Alright, so today I wanna share something kinda random I stumbled upon while messing around with some data stuff. The title? Well, it’s “what does mimis mean“. Yeah, I know, sounds like some kinda internet slang, right? But trust me, it got a little interesting.

It all started when I was trying to clean up a dataset, you know, the usual. I grabbed this data from some open source project, think it was related to a bunch of user feedback from an app, and there was this weird column filled with what looked like different units of measure or something. I’m sifting through it, deleting duplicates, filtering out the useless columns when bam! a bunch of rows flagged as “mimis”.
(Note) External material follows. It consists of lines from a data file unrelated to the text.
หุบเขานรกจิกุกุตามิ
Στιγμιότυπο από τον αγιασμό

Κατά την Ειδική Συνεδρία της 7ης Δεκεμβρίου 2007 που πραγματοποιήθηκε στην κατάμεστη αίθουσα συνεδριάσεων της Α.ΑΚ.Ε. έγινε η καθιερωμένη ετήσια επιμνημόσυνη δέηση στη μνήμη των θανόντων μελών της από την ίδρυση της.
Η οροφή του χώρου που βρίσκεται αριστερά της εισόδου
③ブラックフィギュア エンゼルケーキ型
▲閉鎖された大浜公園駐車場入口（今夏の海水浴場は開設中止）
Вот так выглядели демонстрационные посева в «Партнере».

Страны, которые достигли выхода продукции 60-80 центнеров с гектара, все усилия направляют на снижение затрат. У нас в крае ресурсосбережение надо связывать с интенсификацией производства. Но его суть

My first thought was, “Okay, somebody made a typo.” But there were way too many “mimis” for it to be a mistake. So, naturally, I did what any self-respecting data tinkerer would do. I Googled it. Now, the results were a bit all over the place, nothing that really jumped out and made sense for my use case.
I decided to dig deeper into the dataset itself. I started by grouping the rows by “mimis” and other values in that same column to see if there were any other units, and looked at associated values in other columns, like number of ratings, timestamp etc. At first, nothing. Nada. I then plotted a simple distribution of counts for each unique entry in the entire column and “mimis” had a lot of rows associated with it, more than entries like ‘seconds’, ‘minutes’, ‘hours’
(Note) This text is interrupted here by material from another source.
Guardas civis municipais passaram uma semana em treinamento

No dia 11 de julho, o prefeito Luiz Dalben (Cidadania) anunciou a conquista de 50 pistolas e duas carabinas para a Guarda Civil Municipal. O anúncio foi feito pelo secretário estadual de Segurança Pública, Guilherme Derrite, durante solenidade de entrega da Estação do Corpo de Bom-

So, thinking this might be time, I grabbed a subset of the rows where the value was “mimis” and looked at the other time related columns. Bingo! I noticed that the numbers attached to “mimis” were actually really small, and then it hit me. Could this be milliseconds?
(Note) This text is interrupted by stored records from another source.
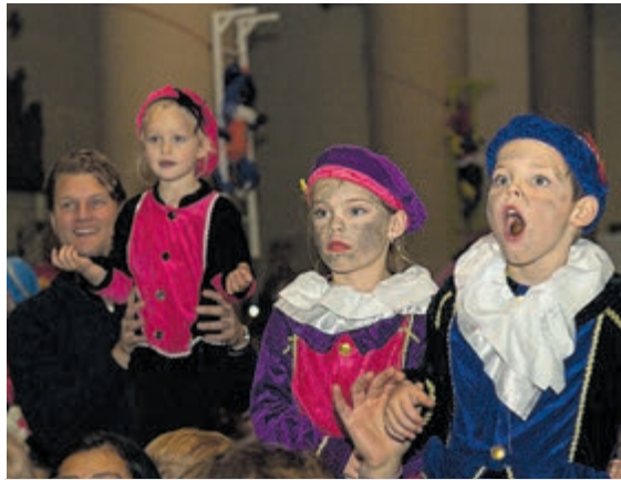
Lekker uit je dak gaan tijdens de show
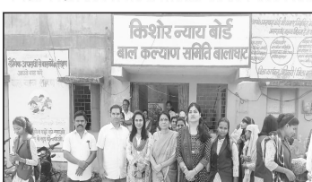
किशोर न्याय बोर्ड में महाविद्यालय की छात्राओं को कराया गया भ्रमण
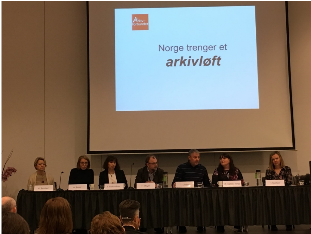
Arkivverkets SAMDOK-konferanse 31. januar 2018 på Gardemoen.

Styret for IKA Finnmark IKS, 26. mars 2018
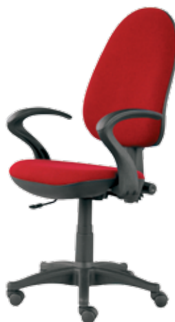
Executive 60 gtpEN
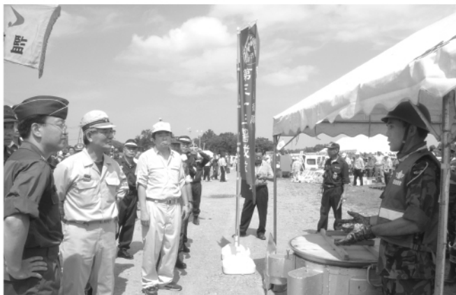
応急給水・吹き出し訓練
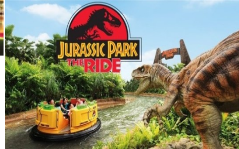
Lost World) รพญภัยในยุค r World เครื่อง
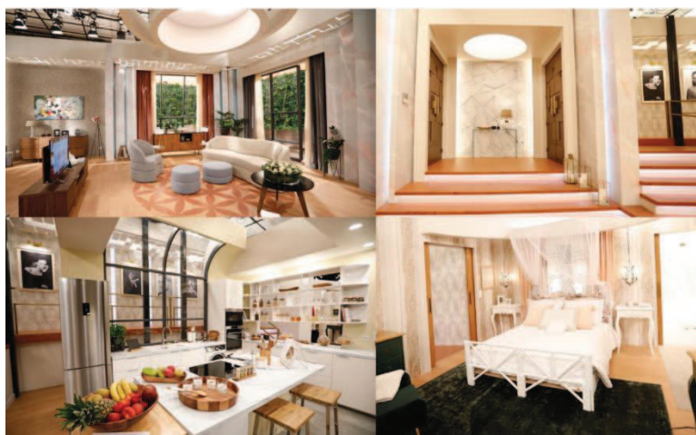
Figura 1 - Cenário do Programa da Cristina 4

Segundo o artigo “ Big Show Cristina Ferreira ”, o programa foi ao encontro da linha dos talk shows produzidos nos Estados Unidos da América, no final do século XX:
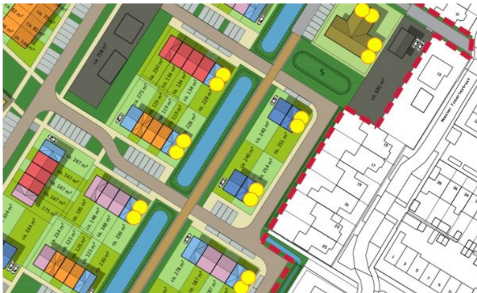
Figuur 3: Locatie permanente huismuus voorzieningen, in de omgeving van Meester Folkertstraat (Buro ontwerp & omgeving, 2022).
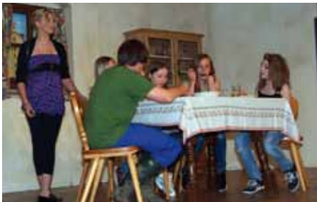
Die Ansichten gingen auseinander, wie ein Tag für die Mutter gestaltet werden soll.

Traditionell veranstaltete die Gemeinde zusammen mit der Volksbühne Langkampfen wieder eine Muttertagsfeier im Gemeindesaal. Natürlich waren auch jede Menge Väter und Kinder dabei und alle zusammen konnten sich an den lustigen Sketches erfreuen.
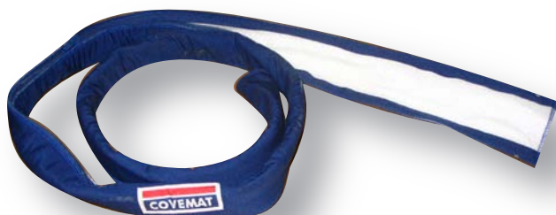
Gaine isolante Lg :2m
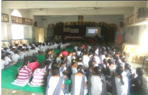
સ્વામી વિવેકાનંદ જીવન સંદેશ અને વ્યસનમુક્તિ અંગેની વીડીઓ જોઈ રહ્યા છે.
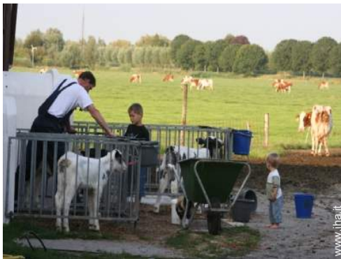
animali da fattoria
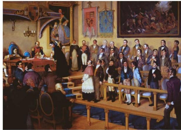
Figura 1. Las obras: El Constituyente de 1811 y La firma del acta de independencia de Centroamérica.

Nota: El Constituyente de 1811 (Martín Tovar y Tovar). Arriba izq., (Ilustración sobre el original en el texto de Rojas, 1884). Arriba der, (Fotografía del cuadro original, Palacio Federal Legislativo, Venezuela). Abajo izq., (Imagen empleada en recurso didáctico de la universidad y en publicaciones digitales). La firma del acta de independencia de Centroamérica (Luis Vergara Ahumada) Abajo der.
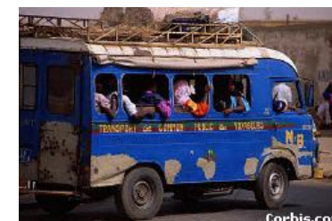
Bone haa Dakar

suklanaago kuugal bee sembe ngam haa mi wadan-e haajeji ma bana no haani." Haala seedugo bee baaba am ka fottanaay yam boodfum, ammaa mi yidaa laskingo mo bernde. Jango fajiri, bana o wi'ino, min ndilli Dakar.
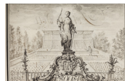
Register van de Confrérie van de H. Dorothea, 1651-1784
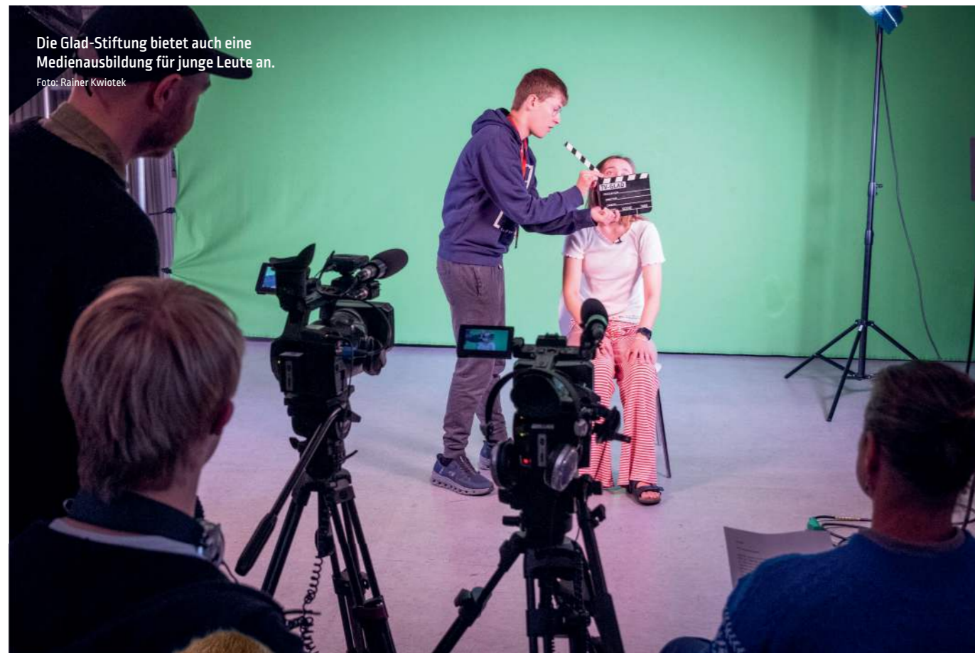
Die Glad-Stiftung bietet auch eine Medienausbildung für junge Leute an.
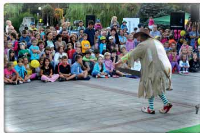
Plac Konstytucji 3 maja
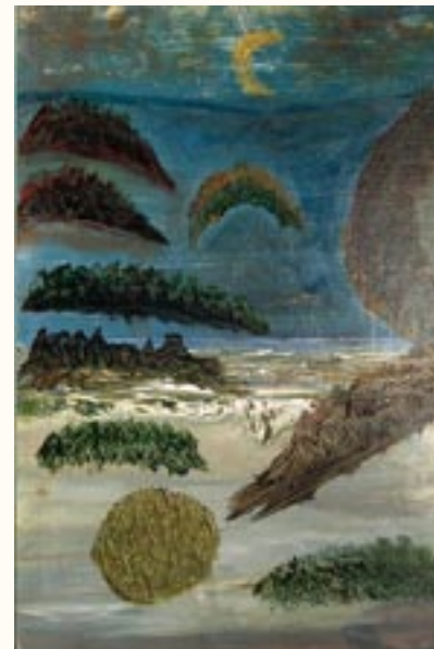
Képfantázia, olaj, farost, 47 x 30 cm a 2003. évi kiállítás zsűrizett alkotása
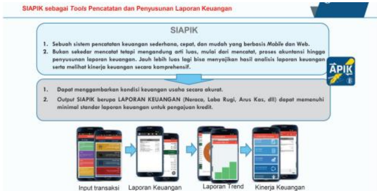
Gambar 1. SIAPIK Sebagai Tools Pencatatan dan Penyusunan Laporan Keuangan

Aplikasi SIAPIK merupakan sebuah sistem pencatatan keuangan sederhana, cepat, dan mudah. Penggunaan aplikasi SIAPIK berbasis mobile dan web di mana melalui web aplikasi ini bisa digunakan pada perangkat laptop, personal computer (PC), dan mini tablet. Sedangkan mobile aplikasi ini bisa digunakan di handphone yang berbasis android sehingga bisa di download dengan mudah melalui App Store.
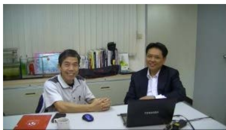
電通系辦理「職場實鏡解密」計畫
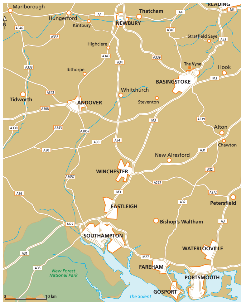
Hampshire en omgeving

To test this, I wrote a quick little script to convert all the “mimis” values to seconds by dividing them by 1000, and then I checked the range of the new “seconds” column. It all seemed to line up perfectly with the other time-based data. Awesome!
Then, I replaced all instances of “mimis” with “milliseconds” in that particular column. The final step was to write some documentation to the data cleaning script so that whoever came after me would actually know what the heck I did.
Honestly, it was a pretty simple fix, but it goes to show that sometimes the most interesting problems come from the weirdest places. And hey, I learned something new along the way! Data cleaning: not always glamorous, but always an adventure.